I nagle po prostu zapragnęła porozmawiać z kimś, komu mogła się zawsze wyżalić. Oczywiście Sprytula tu nie miała, a i przez telefon by raczej z nim nie dała rady się skontaktować, jednak był jeszcze ktoś.

Martin.
Niewiele myśląc wybrała odpowiedni numer, ale jej chłopak nie odebrał od razu, jak to miał w zwyczaju.

Jeden sygnał, drugi, trzeci.
W końcu usłyszała jego nieco… niepewny głos.

- Hej, skarbie – powiedziała, układając się wygodniej na łóżku. Dopiero po chwili zorientowała się jednak, że ulokowała się na miejscu Wellingera, ale równie szybko stwierdziła, że chłopak miał niezwykle gustowne perfumy.
- Co chciałaś?

No tak, to już do własnego mężczyzny nie można było jej zadzwonić? Na dodatek ton jego głosu brzmiał tak, iż aż ją zmroziło.
- Po prostu porozmawiać – niepewnie zaczęła – Mam dziś koszmarny dzień i pomyślałam, że…

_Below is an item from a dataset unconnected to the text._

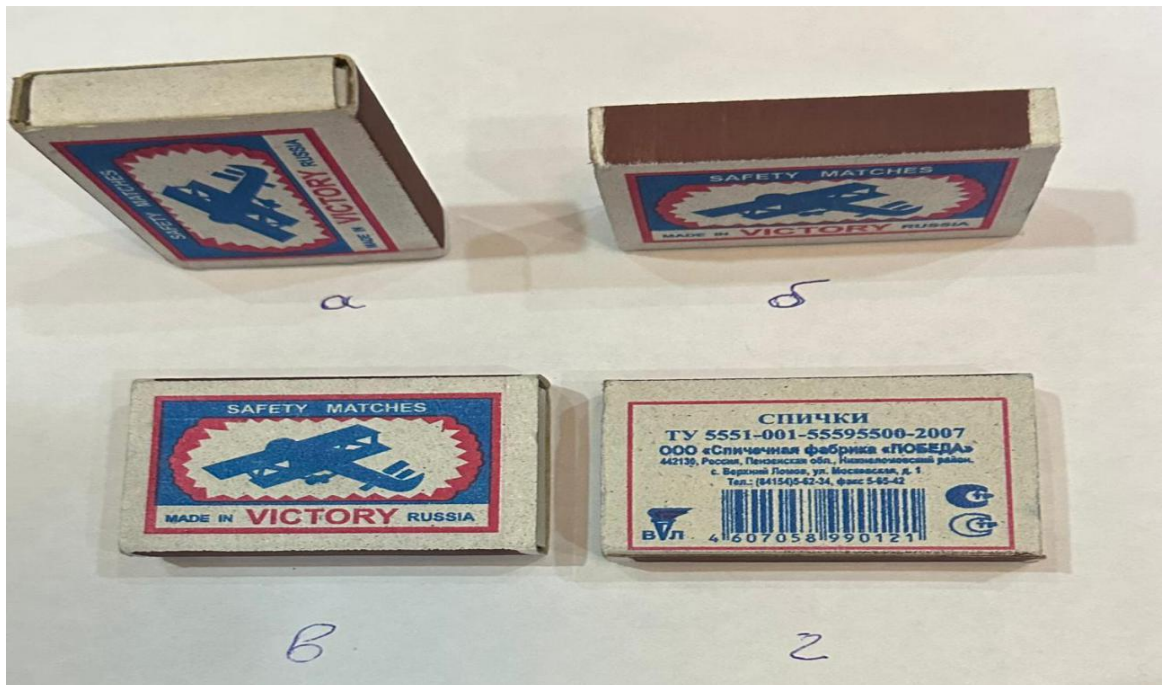
Расми 3.10. Асбоби бозӣ (куттии гӯгирд) барои «Подшоҳбозӣ». Пахлуҳои «асбоб»: а. «Подшоҳ», б. «Вазир», в. «Халифа», г. «Дузд»

Przerwała w pół zdania, bo po prostu nie wiedziała, co miała powiedzieć. Martin wydawał się być taki jakiś inny. A ona była tyle kilometrów od niego i nie wiedziała, co się stało.
Zapanowała cisza, która zaczęła się niebezpiecznie przedłużać. I gdy już Sammi stwierdziła, że ta „rozmowa” dziś nie ma raczej najmniejszego sensu, chłopak po prostu  dostał słowotoku.

- Bo ja nie potrafię dłużej udawać. Już kilka miesięcy temu wiedziałem, że to, co było między nami się po prostu wypaliło, ale nie potrafiłem ci tego powiedzieć prosto w oczy, bo byłaś szczęśliwa, a ja nie chciałem cię krzywdzić. Chwilę później poznałem kogoś, kogo pokochałem naprawdę. Nie tak, jak ciebie, Sammi. I ja nie wiem, dlaczego właśnie teraz ci to mówię. Po prostu nie chcę cię oszukiwać. Tobie będzie bez mnie lepiej, ja nie będę się ukrywać. Każdy z nas zacznie żyć swoimi sprawami. Naprawdę. Zostańmy przyjaciółmi.
Przez chwilę po prostu zastygła w bezruchu, próbując uświadomić sobie to, co właśnie usłyszała, ale nie potrafiła tego zrobić. Po prostu ta – dość okrutna –  wiadomość nie mogła zakodować się w jej mózgu.

Miał kogoś. Oszukiwał ją przez tyle czasu.
Milczała.

- Sammi?
- Spierdalaj, chamie.

To były jedyne słowa, na jakie ją było stać w tejże chwili, bo po prostu zaschło jej w ustach i w bliżej nieokreślonych okolicznościach zapomniała jak posługiwać się językiem oraz wybuchowym temperamentem.
Przerwała połączenie i wyłączyła telefon, a następnie po prostu rzuciła nim o podłogę. Miała w dupie to, co się z nim stało.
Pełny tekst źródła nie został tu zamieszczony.